Com mais de 60 atrações confirmadas, o Festival de Teatro de São José do Rio Preto comemora 50 anos com uma edição que não pretende limitar as fronteiras entre o teatro e a cidade. Conhecido internacionalmente, o brasileiro Desvio Coletivo desembarca com a performance Cegos, dias 11 e 12. O trabalho cria um coro de pessoas cobertas de lama e com os olhos vendados caminhando pela cidade. Também é na rua a apresentação da contundente dZikudZikui-aBiku-aBiikus, de Gana. A performance critica a histórica exploração e escravidão de pessoas na África Ocidental. No trabalho, Va-Bene Fiatsi está com um dos pés amarrados a dois pneus que queimam, espalhando fumaça ao ar livre.
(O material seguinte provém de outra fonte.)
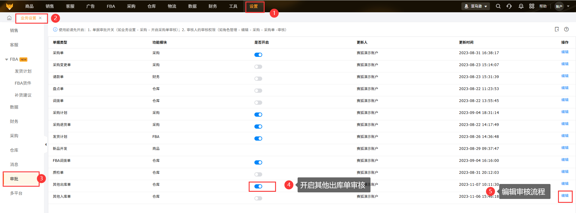 3.1【设置】-【审批设置】,开启其他出库单审核;
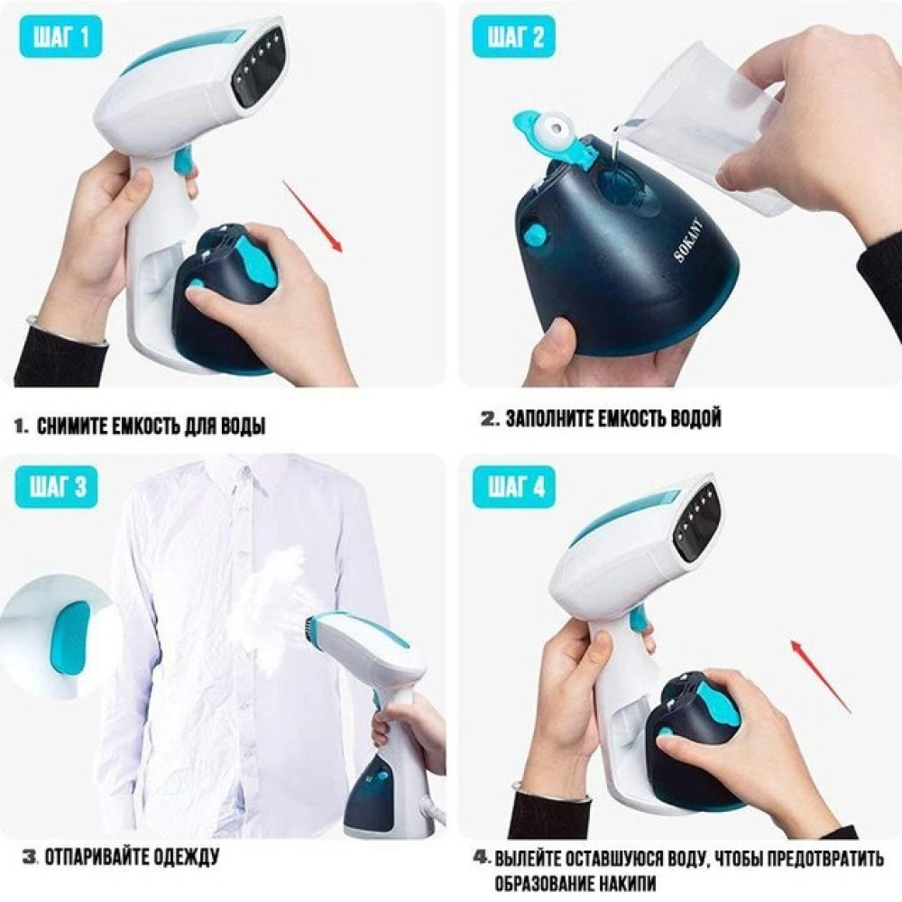Ручний відпарювач Sokany AJ-2205 дозволить вам, не знімаючи з вішалки легко і швидко розгладити одяг або тюль практично з будь-яких видів тканини: від делікатного шовку до щільного драпу або кашеміру. речі не пошкодяться, оскільки прасування відбувається за рахунок м'якого впливу гарячої пари на тканину. складки розгладжуються моментально завдяки потужній подачі пари.

Para o público infantil e adulto, Elisa Ohtake reúne nos dias 8 e 9 um time de crianças em Peça para Adultos Feita por Crianças. Juntos, eles se propõem a contar uma versão mais divertida do clássico Hamlet.

Destaque

Por favor Feche a Porta, Obrigado (México)
Nova peça do grupo Vaca 35 fala de imigração e foi concebida com atores que moram em Ciudad Juaréz, na fronteira com os EUA

Strikethrough (Gana)
A artista Va-Bene Fiatsi debate as questões de gênero em uma performance sobre a união do masculino e feminino

Inimigos (Brasil)
Voltado ao público infantil, a montagem da Cia dos Feitos parte da ideia de inimigo e como essa relação hostil surge no dia a dia, desde o esporte até a política

Protocolo Elefante (Brasil)
Um das mais interessantes companhias de dança contemporâneas do País, o Grupo Cena 11 fala de memória e esquecimento em espetáculo de sons e luzes

Cegos (Brasil)
Grupo Desvio Coletivo reúne um coro de pessoas cobertas de lama e com os olhos vendados em uma grande performance que caminha pelas ruas

As informações são do jornal O Estado de S. Paulo.